Alicia Galiano
Alicia Galiano Aquellos años veinte Recuerdo que nos obligaron a cumplir la cuarentena porque había llegado un virus que mataba sin piedad. Fue en 2020 creo recordar, y para todo el mundo resultó una barbarie, menos para mí. Y tú querida mía, te preguntarás el porqué, pues atenta que te lo voy a contar. Acababa de divorciarme de tu abuelo y guardaba mi pena en el más absoluto silencio. Cuando no trabajaba en el hospital, me dedicaba a leer, escuchar música y viajar por internet. Allí le conocí, en uno de esos grupos en los que nadie viaja juntos, pero todos hablan de lo bien que se lo pasaron en el último viaje que hicieron solos. Se llamaba Jose. Vivía en Sevilla, divorciado desde hacía cuatro años y el hombre con menos palabras que llegué a conocer jamás, pero que sin embargo, todas las mañanas entre las nueve y las diez, me daba los buenos días y cuando terminaba su jornada, me buscaba, y hablábamos por whatsapp de lo que íbamos a preparar para cenar o lo que veríamos en la tele por la noche. No decíamos mucho, pero lo decíamos todo, y mientras que la sociedad hablaba del corona-virus, nosotros vivíamos en nuestro diminuto mundo, discreto y sin sensación de sentirnos encarcelados, compartiendo nuestra felicidad entre los muebles de nuestras casas o preparando el desayuno o el almuerzo a media mañana. Nunca hubo derroche de palabras por su parte y nuestras conversaciones parecían a veces ortopédicas, pero vivíamos en un cielo hermético, que en su día sirvió para revivir nuestro día a día. Nos buscábamos bajo el entusiasmo de poder leernos y nos amábamos bajo el poder de las frases con aroma a ilusión. Nuestros cuerpos se conocían sin verse. Se vivió una pasión que se extendió con el tiempo siguiendo su propio rumbo. Se convirtió en el centinela de mi vida y calmó mi sufrimiento en el peor momento de mi vida, y aunque fuera de lejos, lo consideré un rostro algo más que amigo.

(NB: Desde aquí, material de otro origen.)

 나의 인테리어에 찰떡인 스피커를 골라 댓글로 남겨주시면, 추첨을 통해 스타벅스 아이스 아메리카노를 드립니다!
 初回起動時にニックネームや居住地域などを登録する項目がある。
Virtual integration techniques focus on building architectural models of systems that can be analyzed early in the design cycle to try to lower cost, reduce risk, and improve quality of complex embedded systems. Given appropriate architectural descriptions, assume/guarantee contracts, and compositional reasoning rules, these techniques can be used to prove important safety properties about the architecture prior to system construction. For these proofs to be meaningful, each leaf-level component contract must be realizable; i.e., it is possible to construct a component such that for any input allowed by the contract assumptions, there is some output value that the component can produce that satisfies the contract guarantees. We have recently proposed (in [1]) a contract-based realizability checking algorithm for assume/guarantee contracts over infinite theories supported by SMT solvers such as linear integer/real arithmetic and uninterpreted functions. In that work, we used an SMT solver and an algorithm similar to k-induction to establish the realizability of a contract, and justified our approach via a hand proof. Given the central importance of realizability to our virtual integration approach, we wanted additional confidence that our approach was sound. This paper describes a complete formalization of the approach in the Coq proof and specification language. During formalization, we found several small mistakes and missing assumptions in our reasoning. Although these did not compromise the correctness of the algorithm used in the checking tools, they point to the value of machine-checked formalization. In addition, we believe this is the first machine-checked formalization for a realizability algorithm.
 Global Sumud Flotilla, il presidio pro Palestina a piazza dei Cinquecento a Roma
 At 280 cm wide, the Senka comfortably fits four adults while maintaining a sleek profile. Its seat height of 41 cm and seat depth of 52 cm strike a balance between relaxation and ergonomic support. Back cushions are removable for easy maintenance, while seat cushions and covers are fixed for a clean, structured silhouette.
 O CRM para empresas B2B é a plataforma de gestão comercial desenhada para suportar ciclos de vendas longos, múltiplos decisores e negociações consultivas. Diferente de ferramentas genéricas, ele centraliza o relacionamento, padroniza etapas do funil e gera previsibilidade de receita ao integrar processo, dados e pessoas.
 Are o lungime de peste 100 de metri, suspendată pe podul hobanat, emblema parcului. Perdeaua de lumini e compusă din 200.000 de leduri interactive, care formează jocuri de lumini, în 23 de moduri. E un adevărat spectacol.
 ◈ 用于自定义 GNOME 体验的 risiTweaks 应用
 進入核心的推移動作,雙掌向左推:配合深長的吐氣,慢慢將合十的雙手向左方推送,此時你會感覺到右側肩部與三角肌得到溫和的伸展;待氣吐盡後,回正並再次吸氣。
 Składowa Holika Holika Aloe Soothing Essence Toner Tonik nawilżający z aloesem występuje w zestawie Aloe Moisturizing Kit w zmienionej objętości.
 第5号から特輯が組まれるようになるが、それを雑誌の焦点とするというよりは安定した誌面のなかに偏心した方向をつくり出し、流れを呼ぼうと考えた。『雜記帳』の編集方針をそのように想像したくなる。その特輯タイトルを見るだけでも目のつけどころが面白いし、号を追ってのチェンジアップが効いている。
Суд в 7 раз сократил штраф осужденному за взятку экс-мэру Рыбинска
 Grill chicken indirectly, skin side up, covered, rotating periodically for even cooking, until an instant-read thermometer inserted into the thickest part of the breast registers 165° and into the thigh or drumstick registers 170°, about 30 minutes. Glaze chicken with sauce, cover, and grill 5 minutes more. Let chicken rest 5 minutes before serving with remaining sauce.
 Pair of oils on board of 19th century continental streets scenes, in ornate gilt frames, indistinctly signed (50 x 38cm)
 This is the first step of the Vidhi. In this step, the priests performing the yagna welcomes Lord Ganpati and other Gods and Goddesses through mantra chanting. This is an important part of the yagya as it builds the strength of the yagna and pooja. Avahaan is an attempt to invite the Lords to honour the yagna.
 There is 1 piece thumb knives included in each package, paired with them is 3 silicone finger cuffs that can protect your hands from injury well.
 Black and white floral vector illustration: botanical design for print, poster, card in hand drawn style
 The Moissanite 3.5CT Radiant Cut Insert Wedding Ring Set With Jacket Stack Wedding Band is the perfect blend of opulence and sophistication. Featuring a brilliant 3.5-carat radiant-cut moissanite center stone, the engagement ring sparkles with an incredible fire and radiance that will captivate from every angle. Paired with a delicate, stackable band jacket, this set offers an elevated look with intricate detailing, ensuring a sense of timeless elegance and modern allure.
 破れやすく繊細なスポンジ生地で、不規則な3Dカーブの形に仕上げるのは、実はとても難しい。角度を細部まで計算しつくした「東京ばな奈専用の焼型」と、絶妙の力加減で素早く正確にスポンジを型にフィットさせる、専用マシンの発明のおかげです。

Y llegó el verano. La cuarentena se terminó. Cogí un tren que me dejó en la estación de Santa Justa. Recuerdo que las piernas me temblaban, las manos me sudaban y el estómago estaba repleto de mariposas de todos los colores. Andaba ligera y con la mirada buscaba el hombre que me salvó no solo del confinamiento y de la epidemia del progreso occidental, sino de mi locura, de mi soledad y de mi alma desnuda. Allí estaba, quieto y firme, parecía como si su cuerpo estuviese dormido, esperando nuestro encuentro. Era la primera vez que lo veía. Nos contemplamos fijamente, sonreímos y nos abrazamos haciendo acopio de todas nuestras fuerzas. Desde ese momento mientras sentía sus brazos sobre mí, sospeché que estábamos predestinados. Era tal como me lo había imaginado. Nos cogimos de la mano y me prometió que no volvería a soltarla jamás.